![Kokomo City](/binary/01f4/kokomo-city-web.jpg)
Kokomo City
2023, R, 73 min. Directed by D. Smith.
REVIEWED By Richard Whittaker, Fri., Aug. 4, 2023
As seems sadly predictable in a documentary about trans sex workers in America, Kokomo City begins and ends with stories of violence. But the opening anecdote is delivered with dry, raucous humor that seems tinged with a survivor's euphoria. It's a tone that continues through much of first-time director D. Smith's documentary about the lives of Black trans sex workers, where humor and pleasure are counterbalanced by a clear-eyed examination of their position in street life.
Importantly, she doesn't simply focus on four trans women – native New Yorkers Daniella Carter and Dominique Silver in Queens, and Georgia peaches Liyah Mitchell and Koka Da Doll – and lets them tell their own stories. They do so with gusto, charm, bathos, and insight into their lives on the periphery of Black communities. This is most specifically about the relationship between the Black community (most especially cis Black men) and Black trans sex workers, and all four are brutally honest about the perils and pleasures of their occupation.

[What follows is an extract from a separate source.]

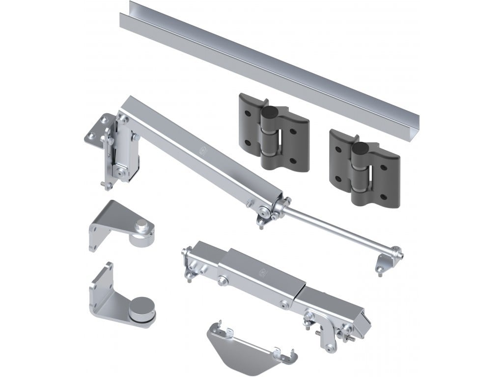 Feronerie poarta armonica bifold 2x2,5 metri Sistem Fac SRL Italia ,Portile articulate sunt  destinate spatiilor de acces mici – inguste, Bifolding este solutia ideala.Limite de dimensiuni constructive:  1.9m min- 5m max, 95kg/semifoaieKit-ul contine urmatoare componente:2buc Balama dublă din aluminiu ,articulatie intre semifoi.2buc Balama inferioara si superioara pe rulment 50mm1buc  Mecanism de pliere intre stalp si canat poarta.1buc  Mecanism de pliere mijloc intre foi mobile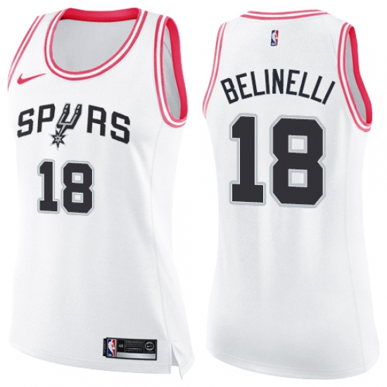 Women's Nike San Antonio Spurs #18 Marco Belinelli Swingman White Pink Fashion NBA Jersey

However, one of the most surprisingly incisive conversations to camera comes from two cis men, rappers Inw Tarxan and Lexx Pharaoh, who discuss the inner conflicts/hypocrisy/self-loathing of men – especially Black men – who live on the DL. It's one thing to hear Liyah say that she's been paid for sex by the kind of guy you'd never guess would hire a trans sex worker. It's another to hear two guys who look like they live up to every rap cliche break down why these men need to just get over themselves. That it's then juxtaposed with a moment of beautifully shot intimacy between a cis male and a trans woman reinforces what's being lost in people's lives.
Yet violence is always on the fringes, not just at the beginning and in a heartbreaking coda. Smith presents the danger as the cumulative effect of being trans and Black and a sex worker in America. However, that's not all that Smith is talking about. In many ways, Kokomo City feels like a partner piece to Nick Broomfield and Sandi Sissel's groundbreaking 1982 documentary Chicken Ranch, about the legendary Nevada brothel. Both center on the sex workers' experiences from their own perspectives, and their ease with their own existence. While the role of economics is never understated (each of the four became a sex worker because they couldn't make ends meet, or pay for surgery, or make rent), Smith is really discussing the nature of what Daniella dubs Black womanness, and in the final shot audiences are exposed to what being a Black trans woman means – with the emphasis on exposure. Smith doesn't blanch at the sexual, either in conversation or visuals, but that's exactly the kind of earnestness the topic requires.